Clinical deterioration which can occur within seconds to minutes of cement implantation [1] [5] is the result of right ventricular (RV) failure due to high PVR which leads to a reduced cardiac output. Acutely increased RV pressure promotes dilatation of RV which pushes the intraventricular septum to the left, leading to poor filling of left ventricle, reduction in cardiac output, systemic hypotension, decrease in coronary perfusion pressure resulting in ischemia and may result in cardiac arrest [1][2] [5]. It has also been proposed that emboli can reach cerebral circulation through patent foramen ovale or pulmonary, circulation which can be seen by transesophageal echocardiography and transcranial Doppler [5]. Embolization cannot explain all features of BCIS and other mechanisms can be involved, such as histamine release, complement activation and endogenous cannabinoid-mediated vasodilatation [2].

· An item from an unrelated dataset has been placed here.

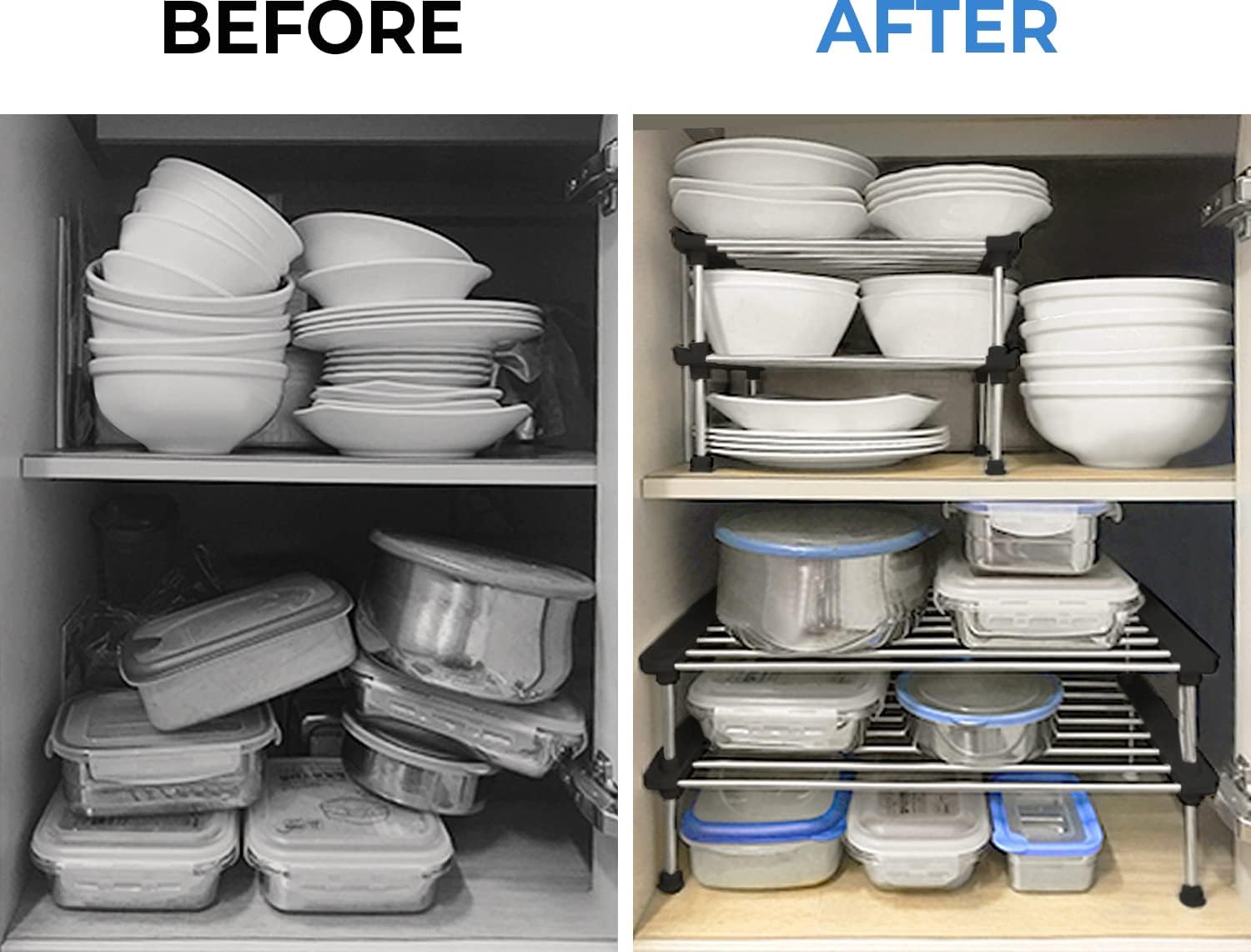 - Maximizes Space and is perfect for organizing plates, cups, bottles, and kitchen clutter. Creates storage space in your kitchen cabinets and countertop, bathroom and more.
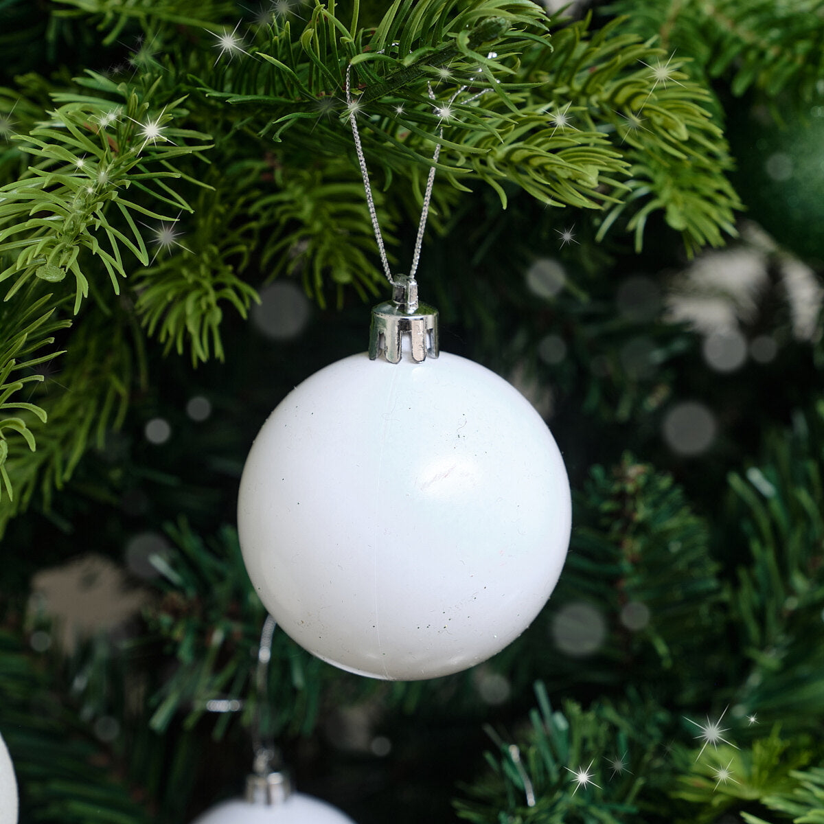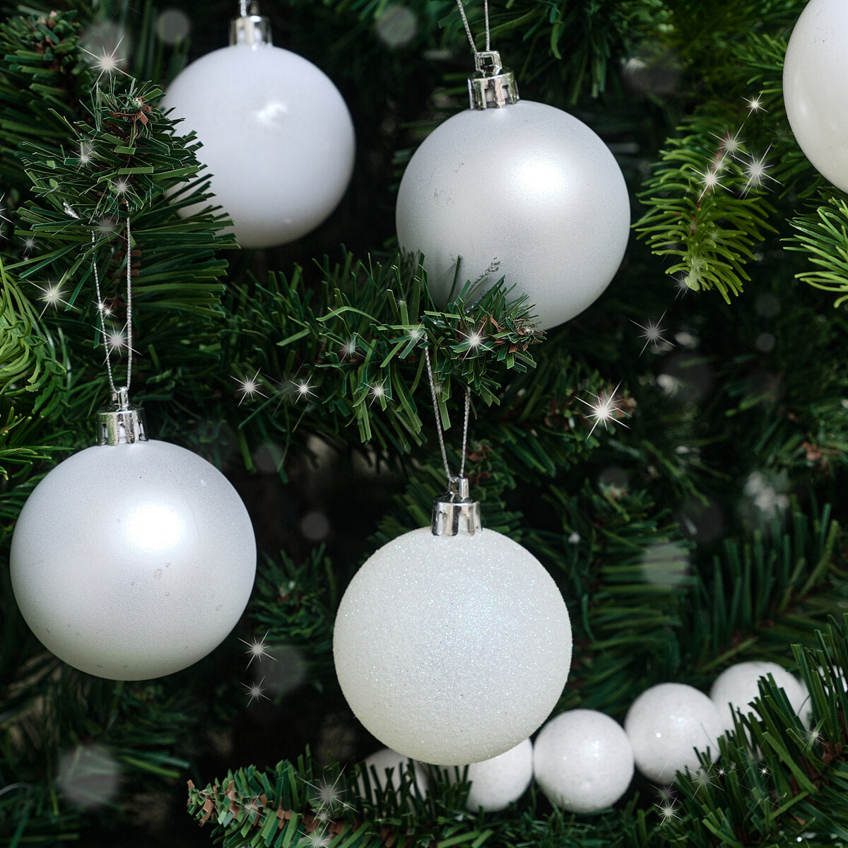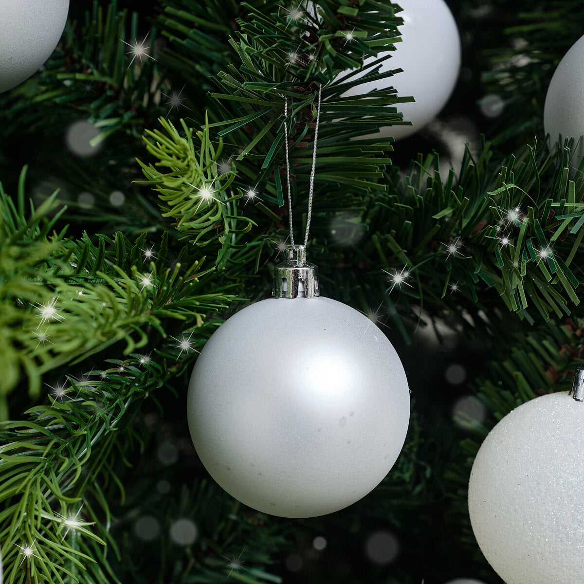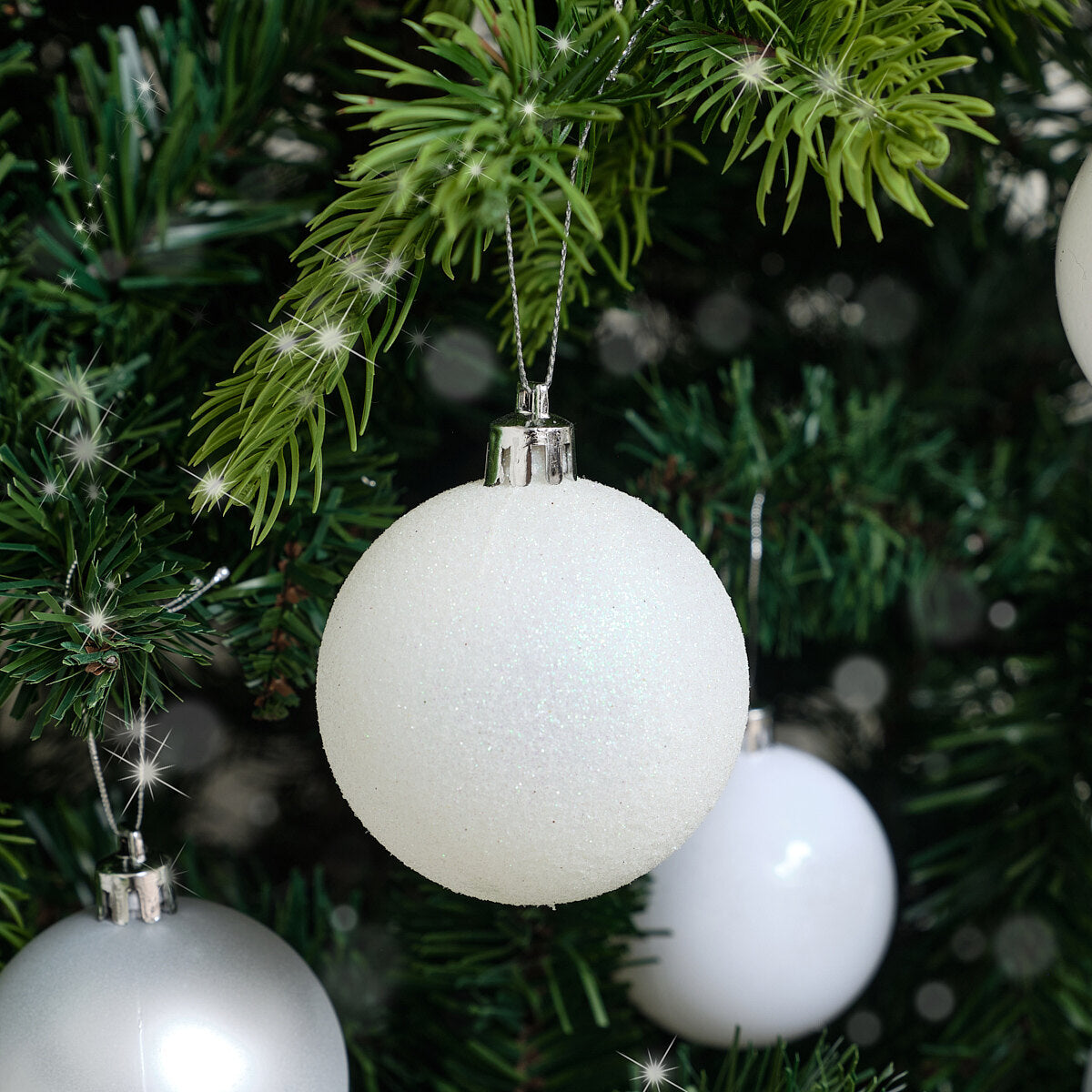 This Set of 10 Mixed Glitter White and Silver Baubles are a bold, stylish collection of baubles, perfect for fans of white decor and glittery finishes. Made of resin, this pack of 10 comes in a mix of three different designs, matt, glitter and shiny.

There are some high-risk patients and surgical criteria for developing of BCIS. In 2015, a guideline was published in order to reduce the risk from cemented arthroplasty for hip fracture [6]. Increased patient's age, higher grade of American Society of Anesthesiologists physical grade (III or IV), presence of significant cardiopulmonary disease, use of diuretics, male sex, presence of osteoporosis, malignant disease, revision surgery, surgery in uninstrumented femur, use of excessive pressure during cementing and use of long-stem prosthesis are some of the factors that may increase the risk of developing BCIS [6].

The risk should be minimized by a proper selection of patients, preoperative optimization, improving communication between anesthesiologist and surgeon, increasing the inspired oxygen concentration and avoiding intravascular volume depletion during cementing.

The management of BCIS is mostly supportive and includes use of 100% oxygen, fluids, vasopressors, pulmonary vasodilators, invasive monitoring, and intensive care [1] [3] [4][6].

In high-risk patients, the use of non-cemented prosthesis, use of short-stem prosthesis, low-viscosity cement, retrograde application of the cement, and avoidance of excessive pressure may be helpful strategies to reduce the risk of developing BCIS [6].

Hip fracture surgeries using cemented prosthesis are associated with approximately 20% more adverse cardiovascular events compared with non-cemented prosthesis[6] [7]. Nonetheless, the use of cemented prostheses for hip fracture surgery increases the likelihood of pain-free mobility after surgery [8], reduces the risk of re-operation and is associated with a lower mortality rate at 30 days [6].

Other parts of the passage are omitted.